Bangladesh J Pharmacol. 2019; 14: 74-79. DOI: 10.3329/bjp.v14i2.39254 |
| Research | Article | |
Anuar Salazar-Gómez1, 2, María Elena Vargas-Díaz2 and Leticia Garduño-Siciliano1
1Laboratorio de toxicología de productos naturales, Escuela Nacional de Ciencias Biológicas. Instituto Politécnico Nacional. Unidad profesional Adolfo López Mateos, C.P. 77380, CDMX, México; 2Departamento de Química Orgánica, Escuela Nacional de Ciencias Biológicas, Instituto Politécnico Nacional, Prol. de Carpio y Plan de Ayala, C.P.11340, CDMX, México.
The aim of the present study was to evaluate the hypoglycemic potential of Trixis angustifolia in alloxan-induced diabetic mice.

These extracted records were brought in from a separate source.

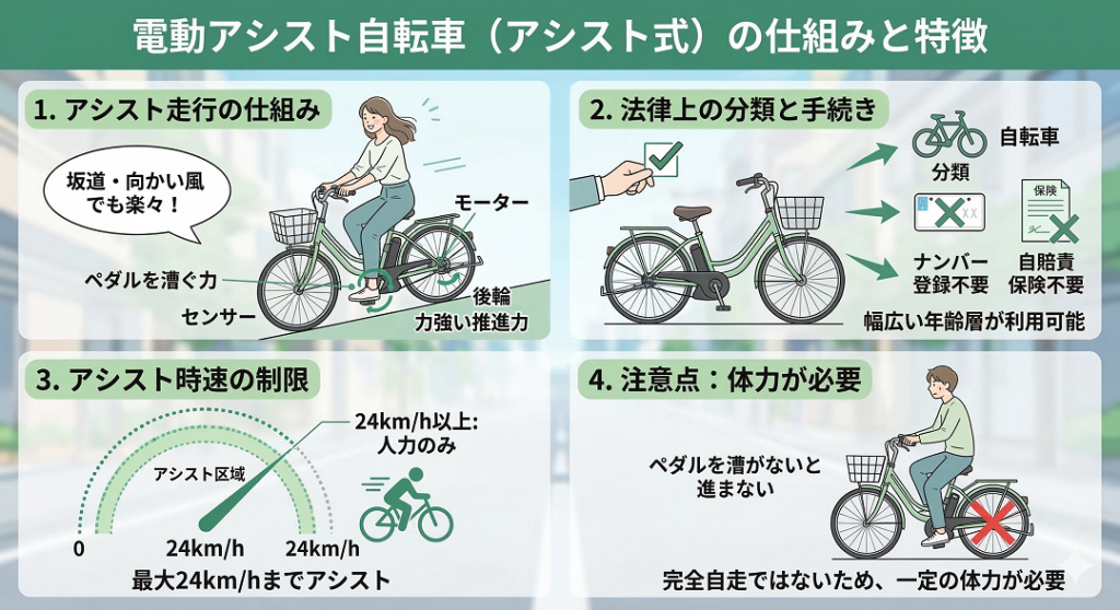 電動アシスト自転車(以下、電動自転車)は、ペダルを漕ぐ力をモーターが補助する「アシスト式」の自転車です。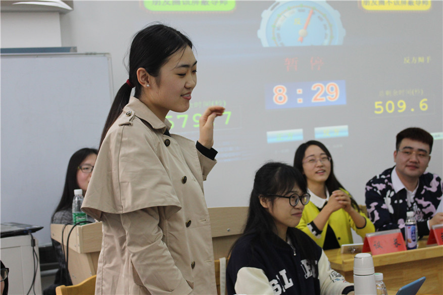 首先,正方一辩进行了立论,陈述正方的的观点。他们认为应该把朋友圈留给朋友,把课堂留给老师。屏蔽导师还给朋友圈一片净土,我们才能够在朋友圈里面肆意的做自己。随后反方同样进行了立论,在朋友圈展示自己同时也能够加深我们与导师的距离。学生不应该把老师看成是位于神坛的人。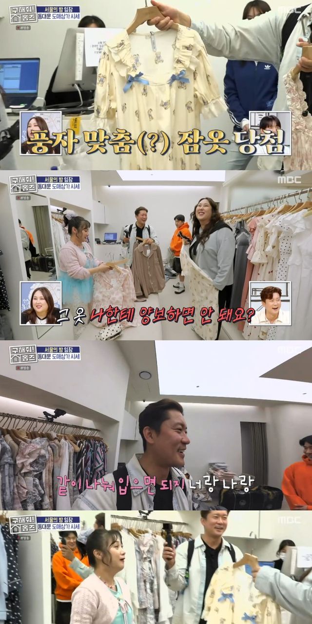 생각보다 괜찮은 수량에 박나래는 '동대문 임장 기념 잠옷 임장'을 제안했고, 그렇게 김대호가 박나래와 풍자의 잠옷을, 두 사람이 김대호의 잠옷을 고르는 방식으로 쇼핑이 시작됐다.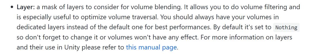 这个Layer跟Unity其他地方的Layer作用类似,是用来做Filter的,所以渲染的效率是不影响,但是对于不需要Bloom的相机还是可以设置一下把它屏蔽掉,这样可以更高效。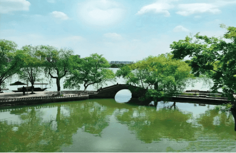 热心的嘉兴市民得知我们从四川专程来瞻仰红船,便向我们推荐了一条上佳参观路线。他们有滋有味地告诉我们,苏东坡曾3次来嘉兴,先后到湖心岛、三塔寺、本觉寺、壕股塔、真如寺交友、煮茶、喝茶。市民还打趣我们:“红船上有八仙桌和麻将扑克,但不能上去‘码长城’和‘斗地主’哟!”按照他们的建议,我们首先来到南湖革命纪念馆。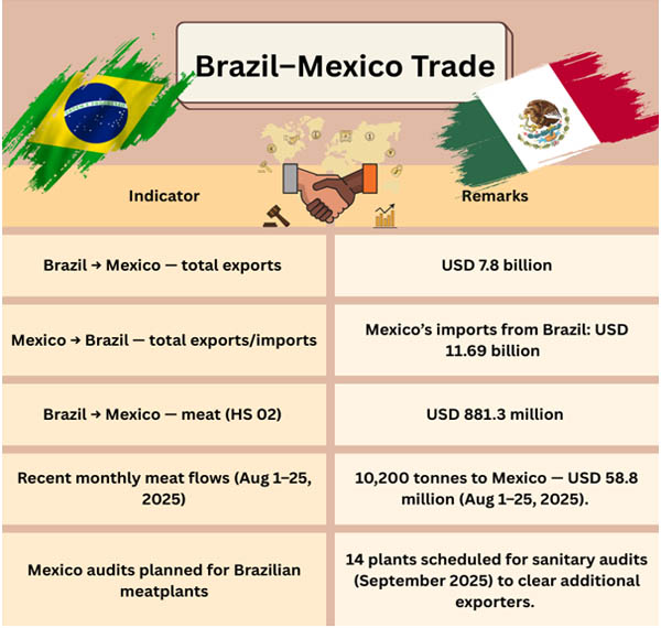 Results of a Sanitary Audit (September 2025): The quantities of the meat trade in the near future will be directly impacted by the list of authorized Brazilian meatpacking facilities to export to Mexico.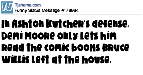 X In Ashton Kutcher's defense, Demi Moore only lets him read the comic books Bruce Willis left at the house.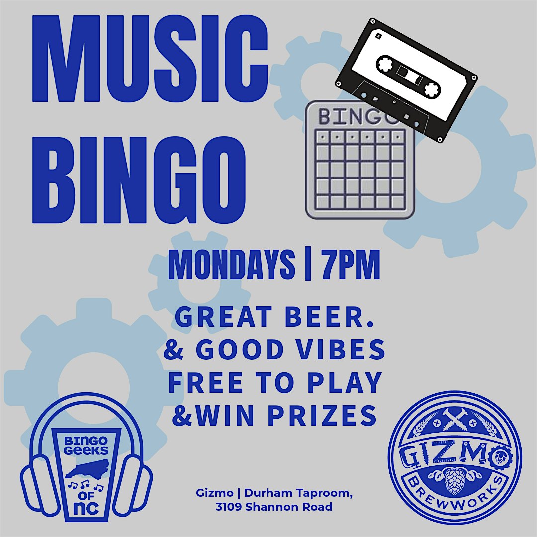 MUSIC BINGO AT GIZMO DURHAM at Gizmo Brew Works – Durham Taproom – Durham, NC MUSIC BINGO AT GIZMO DURHAM at Gizmo Brew Works – Durham Taproom – Durham, NC 1 1 people viewed this event. Come join us for a fun night of music bingo at Gizmo Durham! Tickets-RSVP Link Register for event Date And Time Monday, March 23rd, 2026 @ 07:00 PM Location 3109 Shannon Road, Durham, NCĀ 27707 Event Types Food & DrinkGame or Competition Event Category DurhamNorth Carolina Share With Friends Facebook Twitter Linkedin Xing Pinterest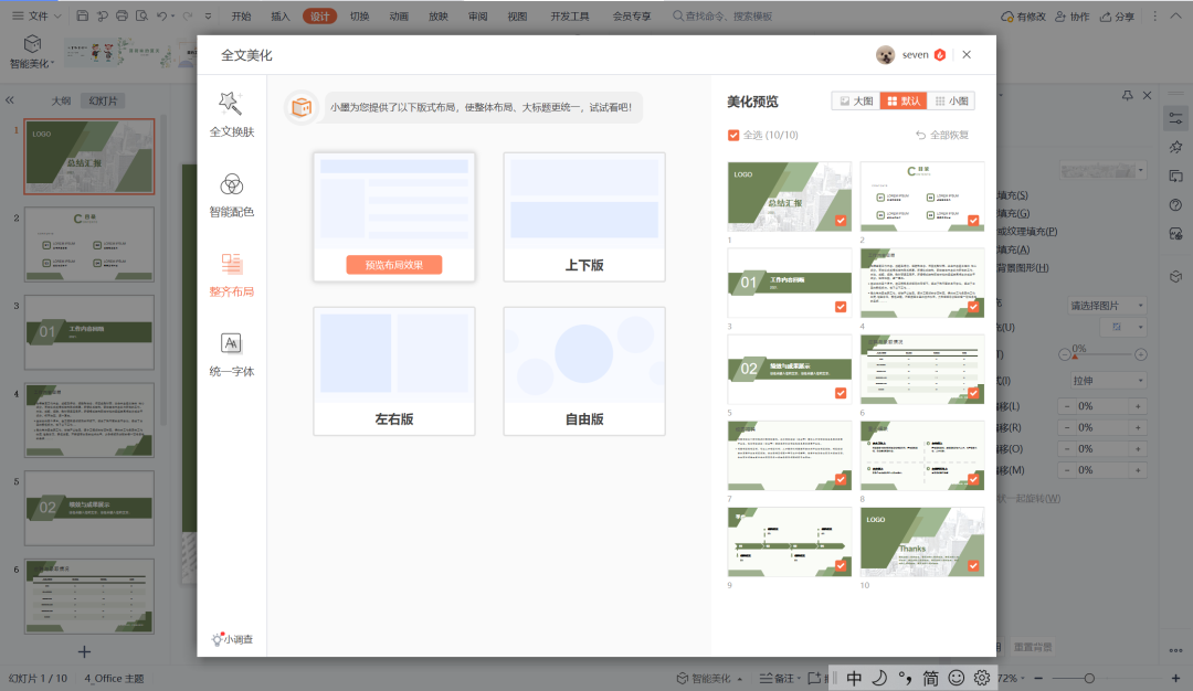 「 给你的PPT进行全文美化 」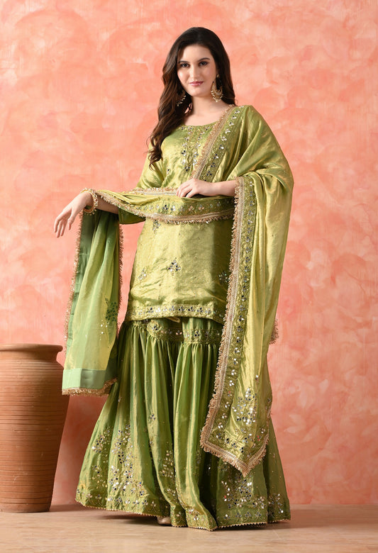 Green Silk Anarkali Set with Zardozi & Appliqué Embroidery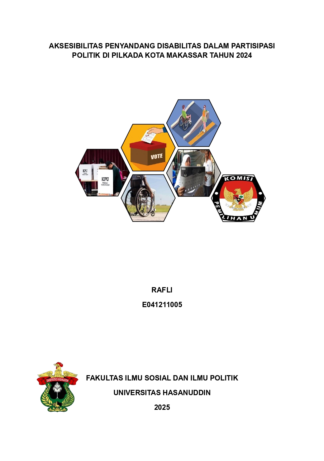 RAFLI, RAFLI (2025) AKSESIBILITAS PENYANDANG DISABILITAS DALAM PARTISIPASI POLITIK DI PILKADA KOTA MAKASSAR TAHUN 2024 = ACCESSIBILITY FOR PEOPLE WITH DISABILITIES IN POLITICAL PARTICIPATION IN THE 2024 MAKASSAR CITY ELECTIONS. Skripsi thesis, Universitas Hasanuddin.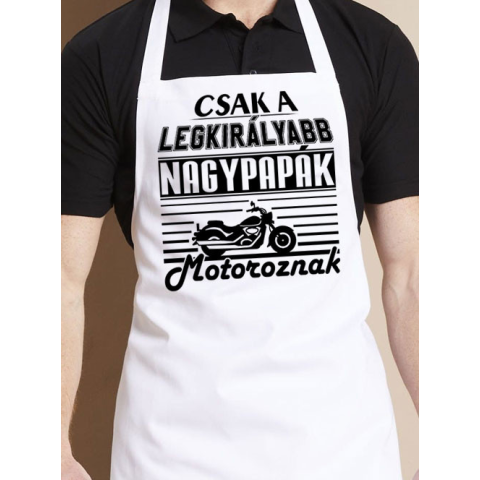 Ajándék nagypapának, motoros kötény nagypapának. Kötény férfiaknak csakis igazi motoros nagypapáknak. Csak a legkirályabb nagypapák motoroznak felirattal. Lepd meg vele nagypapádat apák napján, vagy egy motoros barátod. A kötény fekete és fehér színben is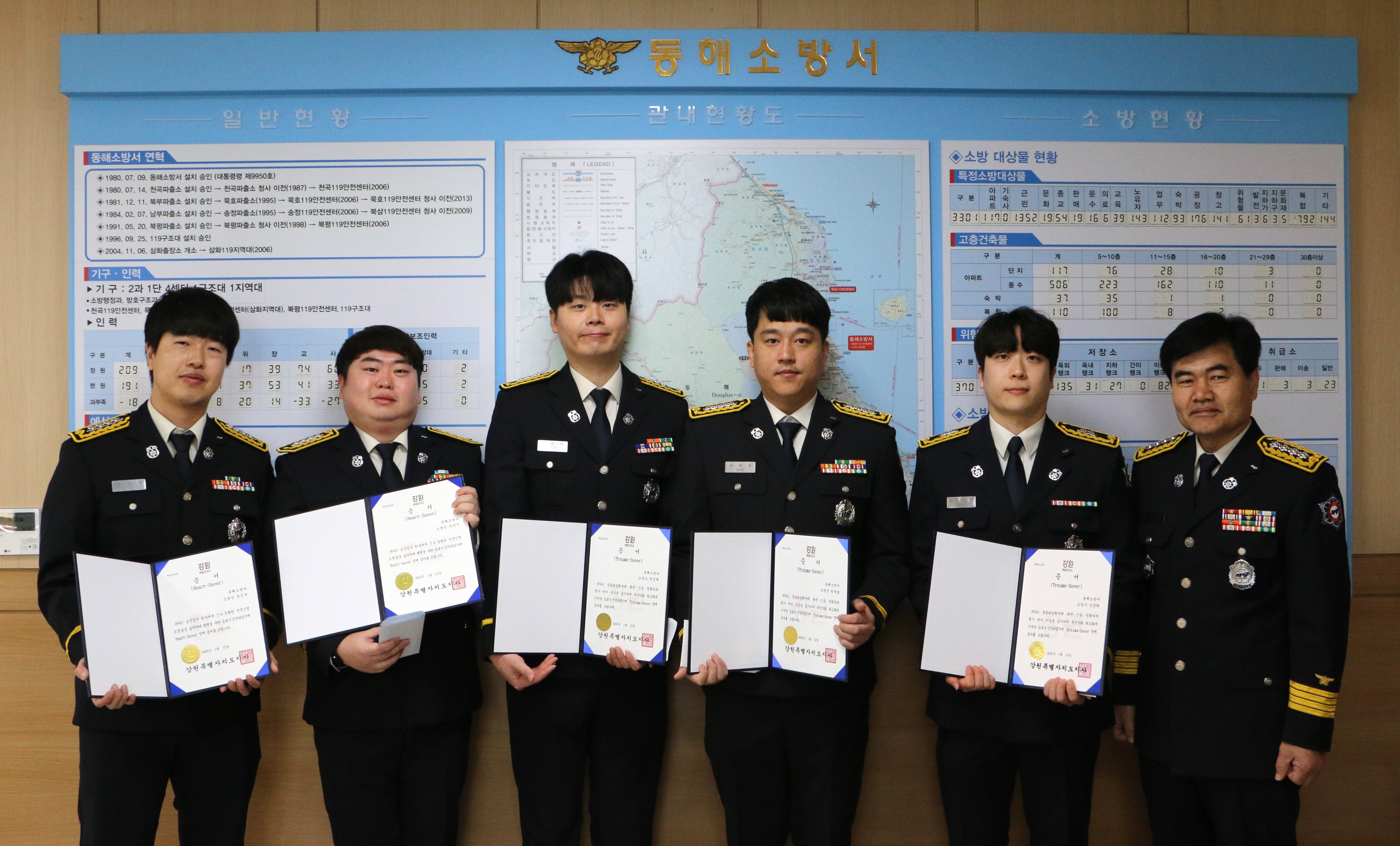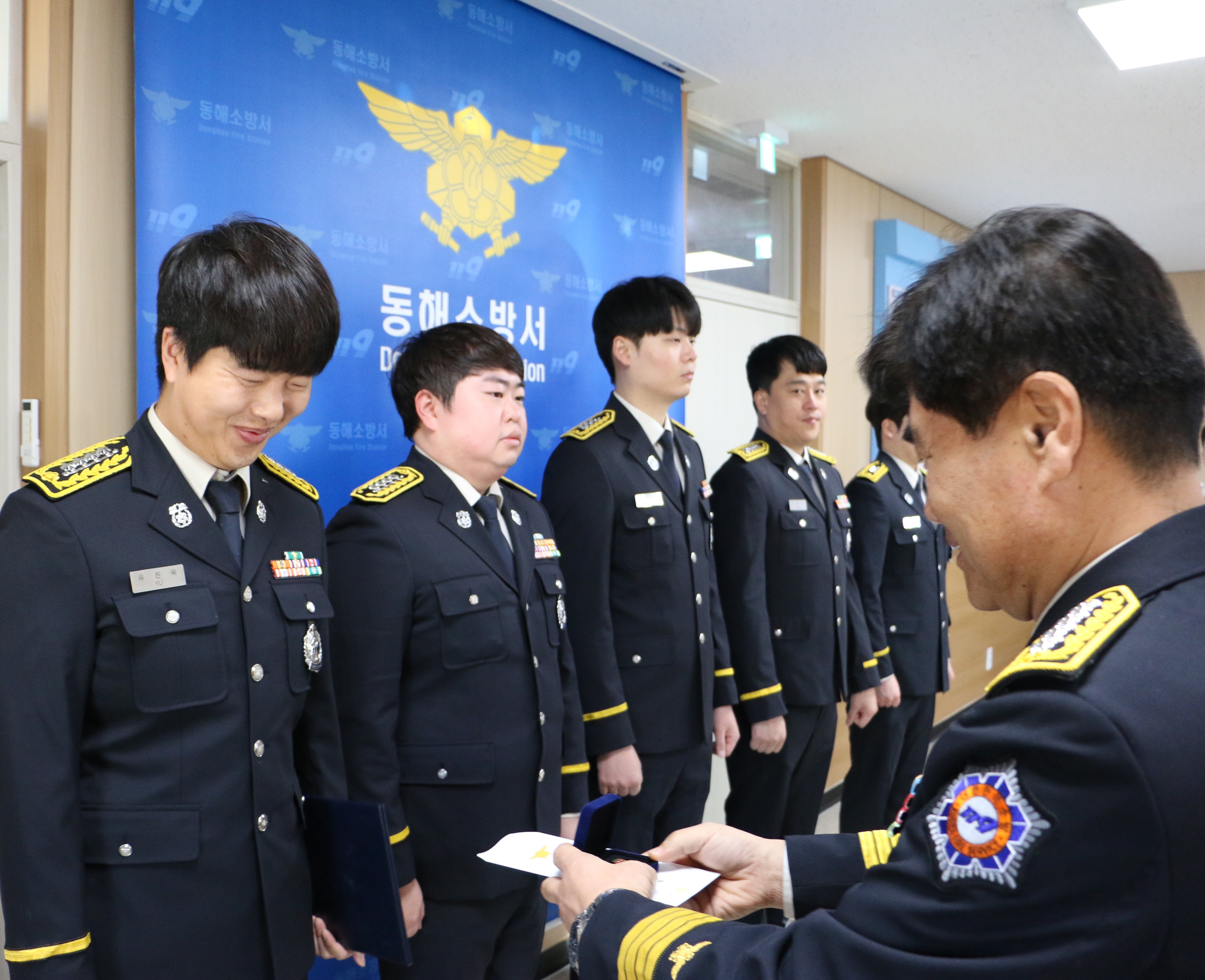 이날 수여식에는 수상자 중 5명이 참석하여 동해소방서장으로부터 증서와 배지를 받았다.

An intragastric administration of the aqueous extract (50, 100 and 200 mg/kg) prepared from the aerial parts of T. angustifolia was evaluated. The treatment with the extract at 100 mg/kg produced a significant lowered (30.5%) of the blood glucose levels in diabetic mice after 15 days of daily oral administration. In addition, the extract induced a significant decrease in serum total cholesterol, low density lipoprotein whereas increased the high-density lipoprotein level. Additionally, the presence of alkaloids, cumarins, saponins, flavonoids and reducing sugars were identified in the extract. These findings provide a basis explaining the traditional folk medicine use of this plant as a hypoglycemic agent by the Mexican people.
Diabetes mellitus is a chronic metabolic disease, characterized by alteration in the carbohydrate, protein and lipid metabolism (American Diabetes Association, 2014). Despite considerable progress in the treatment of diabetes by oral hypoglycemic agents, search for new therapeutic drugs continues due to several adverse effects by using most of the existing synthetic drugs (Chaudhury et al., 2017). Medicinal plants, such as Gaultheria trichophylla (Alam and Saqib, 2017), Ipomoea batatas (Ludvik et al., 2004), Momordica charantia (Raman and Lau, 1996), Nigella sativa (Al-Hader et al., 1993), Rosmarinus officinalis (Bakırel et al., 2008), Trigonella foenum-graecum (Khosla et al., 1995), among others, represent an important source of potentially useful bioactive compounds for improving blood glucose control and preventing long term complications in diabetes mellitus (Ríos et al., 2015).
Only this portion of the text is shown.